= Beginning of Section =

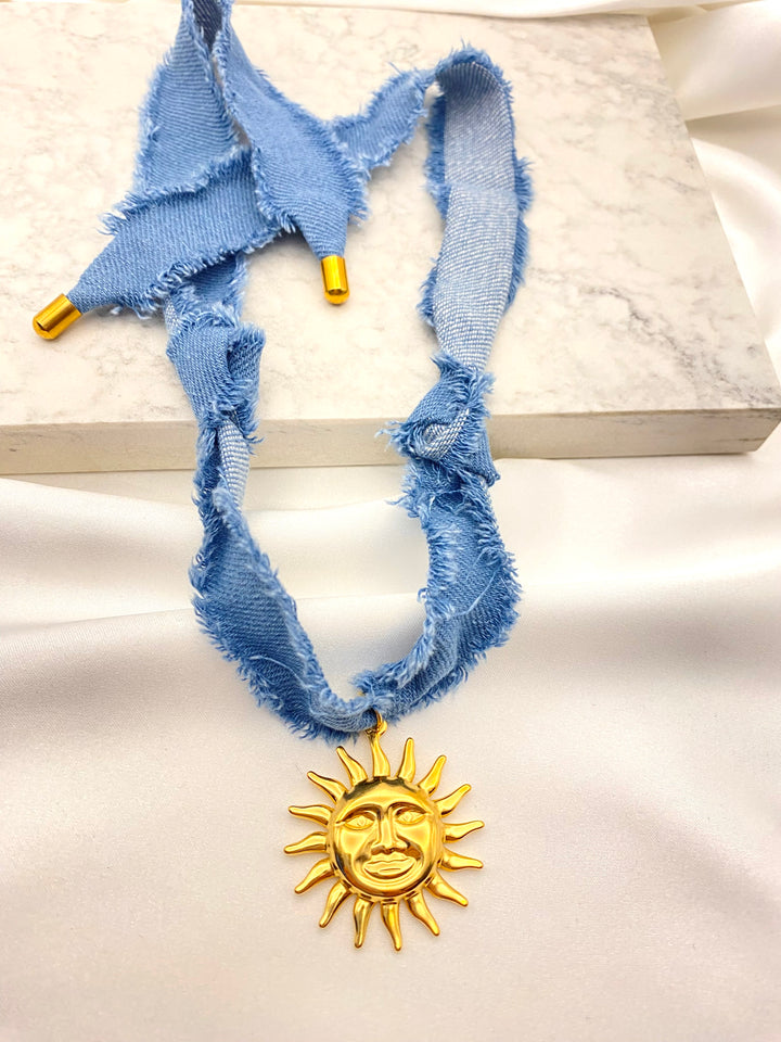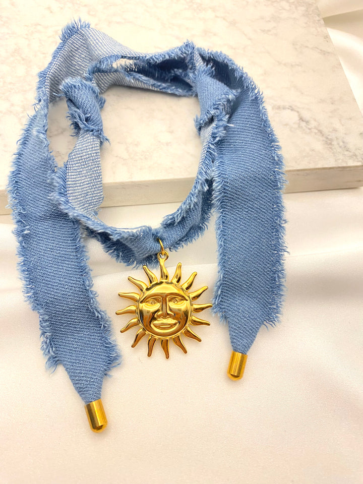 Accesorio para dama de usos varios (collar, pulsera, accesorios para bolso) de material textil y dije de Acero
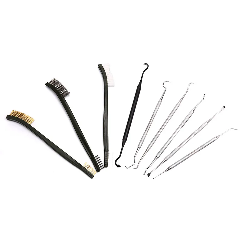 9 шт.компл. набор для чистки пистолета, 3 нейлоновые щетки из латуни и стали + 6 Нейлоновых насадок из нержавеющей стали, тактический инструмент для очистки пистолета
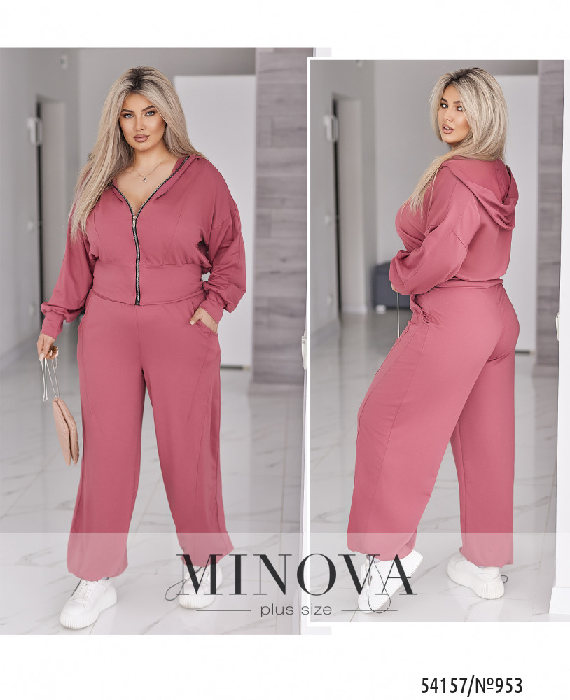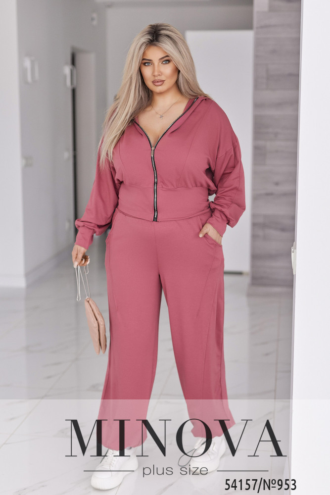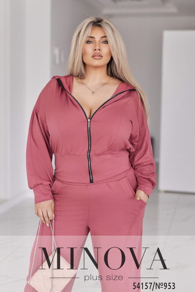 Жіночий костюм у сучасному міському стилі, що поєднує комфорт і виразний силует. Комплект складається з кофти та штанів.Кофта укороченого крою з капюшоном виконана з рельєфними швами спереду, які красиво формують фігуру. Застібається на блискавку. Рукави об’ємні, зі спущеною лінією плеча та м’якою призбіркою, манжети — з основної тканини. По низу — широкий притачний пояс, який підкреслює талію та створює акуратну посадку.Штани вільного крою з об’ємом у зоні стегон і штанин. Висока посадка та еластичний пояс на гумці забезпечують комфорт протягом усього дня. Є бічні кишені з рельєфними швами. Низ штанин доповнений резинкою та регулятором-стопером, що дозволяє змінювати форму та фіксувати бажаний об’єм.Це костюм, у якому зручно рухатися, жити та виглядати стильно. Насичені трендові кольори додають образу глибини й роблять його виразним та дорогим на вигляд.
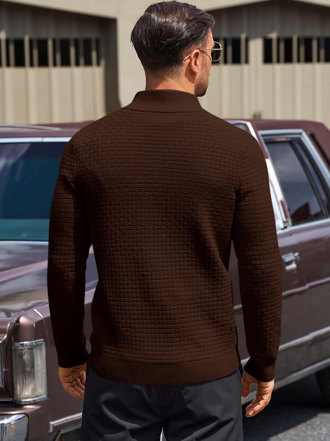 Runcati Mens Quarter Zip Pullover Sweaters Mock Neck Slim Fit Lightweight Pullover Waffle Knit Casual Polo Sweater(Dark Brown)

= End of Section =

● **REQUIREMENT**
The required output is an exact copy of the lines from the start of the material above through the line containing "9 шт.компл. набор", inclusive, with no pictures in it.

● **ANSWER SECTION**
 Accesorio para dama de usos varios (collar, pulsera, accesorios para bolso) de material textil y dije de Acero
 9 шт.компл. набор для чистки пистолета, 3 нейлоновые щетки из латуни и стали + 6 Нейлоновых насадок из нержавеющей стали, тактический инструмент для очистки пистолета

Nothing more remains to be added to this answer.